- What to do:
Write out the data word for word and drop any picture you find.

- The data:
....

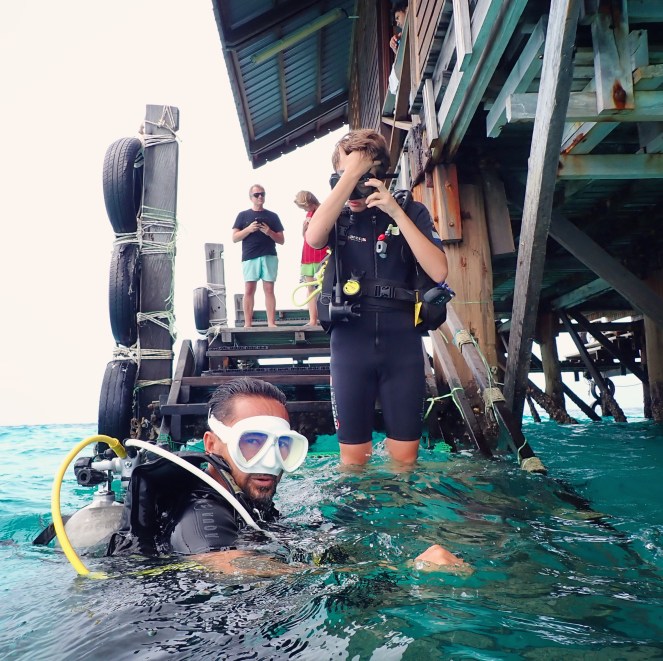 När vi kommer till Lankayan tillsammans med min bror och hans familj får vi snart reda på att han har planerat att göra ett prova-på-dyk med sina döttrar. De är 11 och 13 år gammla. Vi får frågan om vi vill hänga på. Minstingen, som fyller 14 år på Lankayan vill absolut inte prova att dyka och min sambo Anders har blivit av med sin mask med slipade glas. Troligtvis glömde vi den på Kuba. Utan slipade glas ser han tyvärr inte ett smack. Men Anton, 15 år, vill mer än gärna prova. Så då är vi totalt fem personer som anmäler oss till ett prova-på-dyk nästa morgon. Både jag och min bror har egentligen dyk-certifikat sedan förr, från var sitt håll, men ingen av oss har dykt på många år. Så det här blir som ett avrostningsdyk för oss, samtidigt som vi får följa med våra ungdomar när de för första gången provar att dyka med tuber. Priset är ungefär 1000 kr perperson.
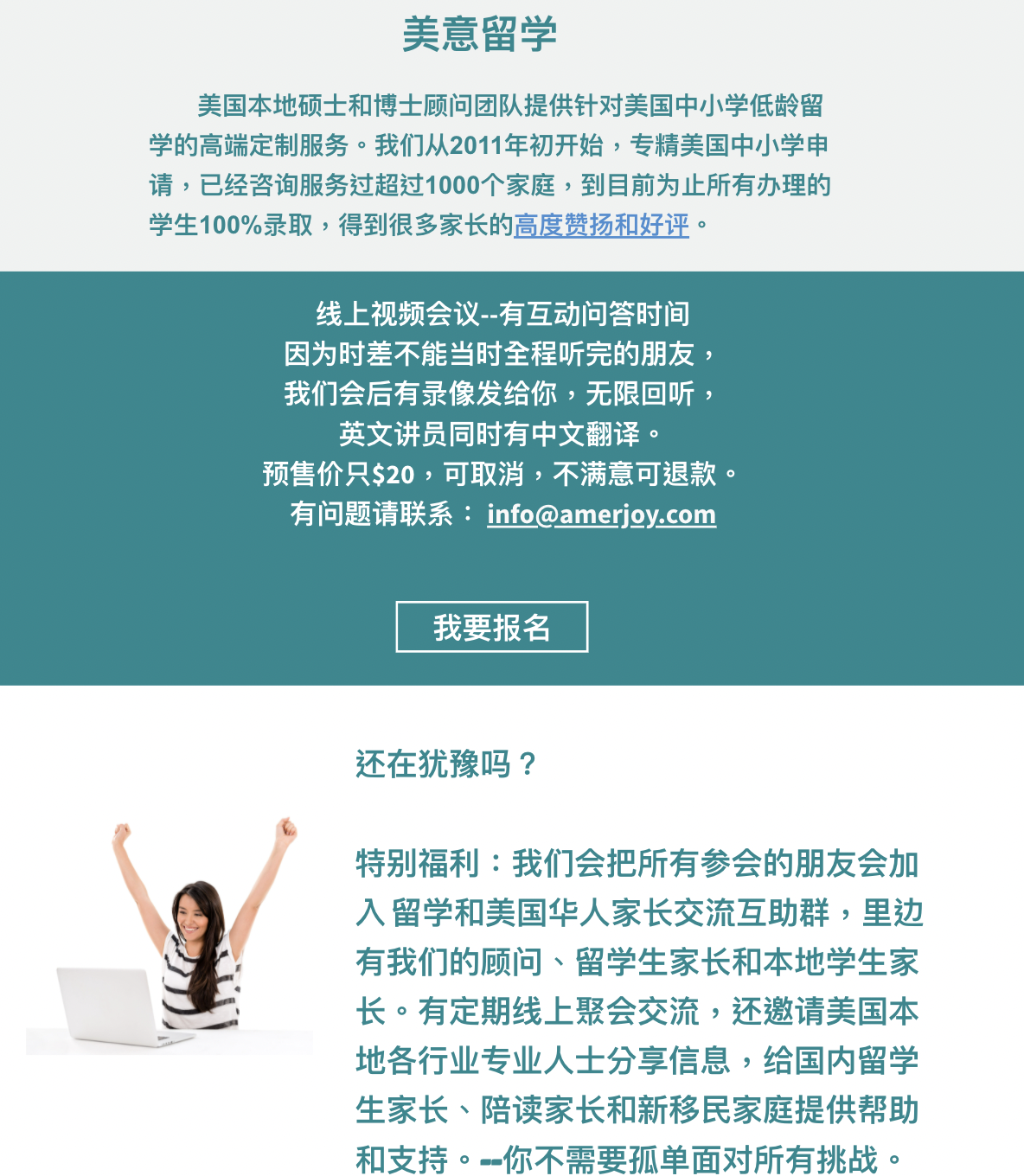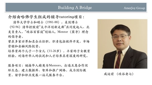您和孩子可以得到最棒的资源!哈佛学生给您孩子做家教辅导?美国顶级人才做您的顾问?培养孩子进了斯坦福、耶鲁和约翰霍普金斯大学的家长亲自分享经验?美国留学、升学及生活最棒的资源,千万不能错过!
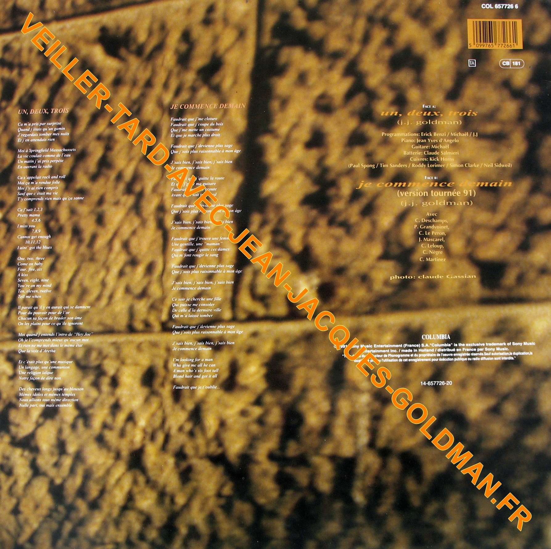 POCHETTE VERSO : UN, DEUX, TROIS - LES PAROLES / JE COMMENCE DEMAIN - LES PAROLES / COL 656726 6 - CODE BARRE 5 099765 772661 - TA - CB 181 / FACE A : UN, DEUX, TROIS (J.J. GOLDMAN) - PROGRAMMATIONS : ERICK BENZI / MICHAEL / JJ - PIANO : JEAN YVES D'ANGELO - GUITARE : MICHAEL - BATTERIE : CLAUDE SALMIERI - CUIVRES : KICK HORNS (PAUL SPONG / TIM SANDERS / RODDY LORIMER / SIMON CLARKE / NEIL SIDWEIL) / FACE B : JE COMMENCE DEMAIN (VERSION TOURNEE 91) (J. J. GOLDMAN) / AVEC : C. DESCHAMPS, P. GRANDVOINET, C. LE PERRON, J. MASCAREL, C. LELOUP, C. NEGRE, C. MARTINEZ - PHOTO : CLAUDE GASSIAN / COLUMBIA / C 1991 SONY MUSIC ENTERTAINMENT (FRANCE) S.A."COLUMBIA" IS THE EXCLUSIVE TRADEMARK OF SONY MUSIC ENTERTAINMENT INC. / MADE IN HOLLAND / DISTRIBUE EN FRANCE PAR SONY MUSIC. "TOUS DROITS DU PRODUCTEUR DE PHONOGRAMME ET DU PROPRIETAIRE DE L'OEUVRE ENREGISTREE RESERVES. SAUF AUTORISATION , LA DUPLICATION, LA LOCATION, LE PRET OU L'UTILISATION DE CET ENREGISTREMENT POUR EXECUTION PUBLIQUE OU RADIO DIFFUSION SONT INTERDITS." / 14-657726-20
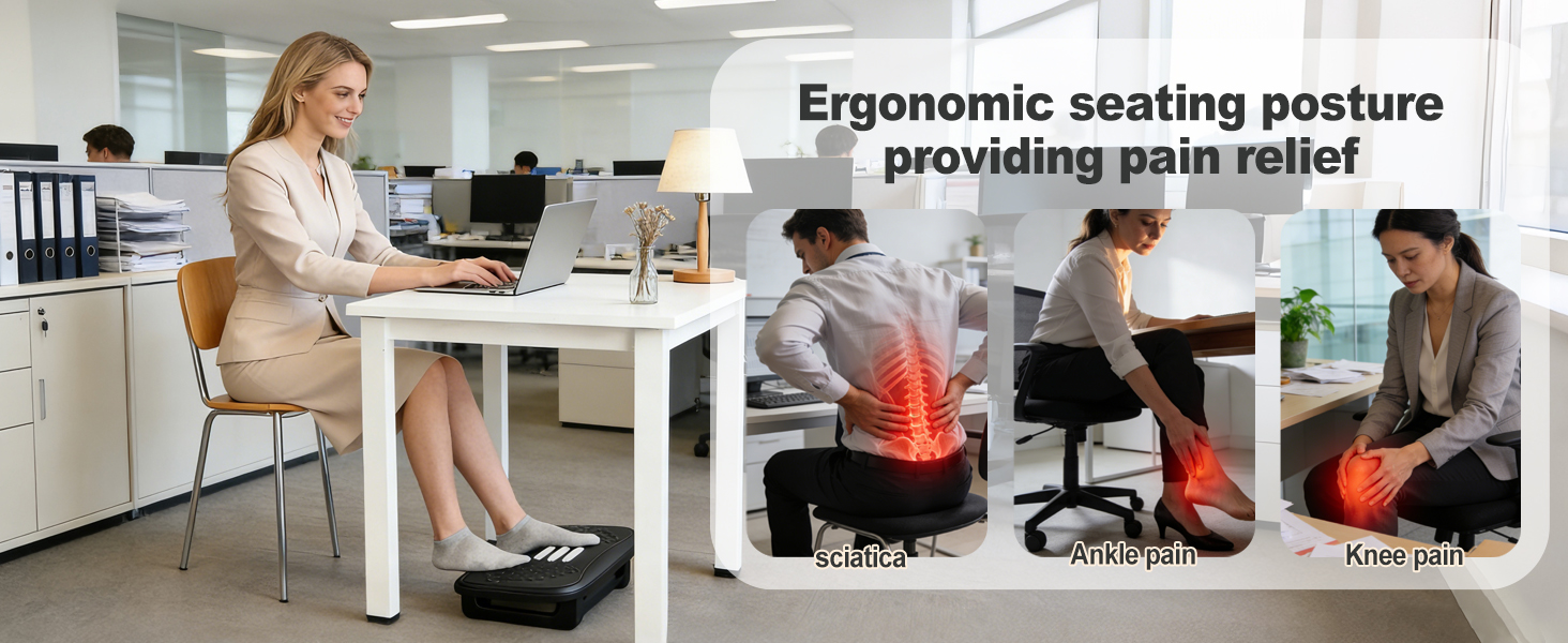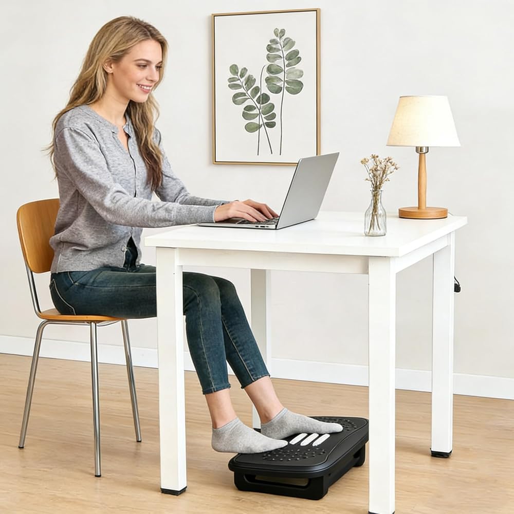 • أنعش قدميك باستخدام بكرات التدليك المدمجة. قم بهز نعلك بلطف على السطح المحكم لتحفيز نقاط الضغط الرئيسية. تساعد هذه الحركة المهدئة على تشجيع تدفق الدم وتقليل الشعور بإرهاق الساق وتوفير لحظة من الاسترخاء دون مغادرة مقعدك.

....

- Exercise result:
 När vi kommer till Lankayan tillsammans med min bror och hans familj får vi snart reda på att han har planerat att göra ett prova-på-dyk med sina döttrar. De är 11 och 13 år gammla. Vi får frågan om vi vill hänga på. Minstingen, som fyller 14 år på Lankayan vill absolut inte prova att dyka och min sambo Anders har blivit av med sin mask med slipade glas. Troligtvis glömde vi den på Kuba. Utan slipade glas ser han tyvärr inte ett smack. Men Anton, 15 år, vill mer än gärna prova. Så då är vi totalt fem personer som anmäler oss till ett prova-på-dyk nästa morgon. Både jag och min bror har egentligen dyk-certifikat sedan förr, från var sitt håll, men ingen av oss har dykt på många år. Så det här blir som ett avrostningsdyk för oss, samtidigt som vi får följa med våra ungdomar när de för första gången provar att dyka med tuber. Priset är ungefär 1000 kr perperson.
您和孩子可以得到最棒的资源!哈佛学生给您孩子做家教辅导?美国顶级人才做您的顾问?培养孩子进了斯坦福、耶鲁和约翰霍普金斯大学的家长亲自分享经验?美国留学、升学及生活最棒的资源,千万不能错过!
 POCHETTE VERSO : UN, DEUX, TROIS - LES PAROLES / JE COMMENCE DEMAIN - LES PAROLES / COL 656726 6 - CODE BARRE 5 099765 772661 - TA - CB 181 / FACE A : UN, DEUX, TROIS (J.J. GOLDMAN) - PROGRAMMATIONS : ERICK BENZI / MICHAEL / JJ - PIANO : JEAN YVES D'ANGELO - GUITARE : MICHAEL - BATTERIE : CLAUDE SALMIERI - CUIVRES : KICK HORNS (PAUL SPONG / TIM SANDERS / RODDY LORIMER / SIMON CLARKE / NEIL SIDWEIL) / FACE B : JE COMMENCE DEMAIN (VERSION TOURNEE 91) (J. J. GOLDMAN) / AVEC : C. DESCHAMPS, P. GRANDVOINET, C. LE PERRON, J. MASCAREL, C. LELOUP, C. NEGRE, C. MARTINEZ - PHOTO : CLAUDE GASSIAN / COLUMBIA / C 1991 SONY MUSIC ENTERTAINMENT (FRANCE) S.A."COLUMBIA" IS THE EXCLUSIVE TRADEMARK OF SONY MUSIC ENTERTAINMENT INC. / MADE IN HOLLAND / DISTRIBUE EN FRANCE PAR SONY MUSIC. "TOUS DROITS DU PRODUCTEUR DE PHONOGRAMME ET DU PROPRIETAIRE DE L'OEUVRE ENREGISTREE RESERVES. SAUF AUTORISATION , LA DUPLICATION, LA LOCATION, LE PRET OU L'UTILISATION DE CET ENREGISTREMENT POUR EXECUTION PUBLIQUE OU RADIO DIFFUSION SONT INTERDITS." / 14-657726-20
 • أنعش قدميك باستخدام بكرات التدليك المدمجة. قم بهز نعلك بلطف على السطح المحكم لتحفيز نقاط الضغط الرئيسية. تساعد هذه الحركة المهدئة على تشجيع تدفق الدم وتقليل الشعور بإرهاق الساق وتوفير لحظة من الاسترخاء دون مغادرة مقعدك.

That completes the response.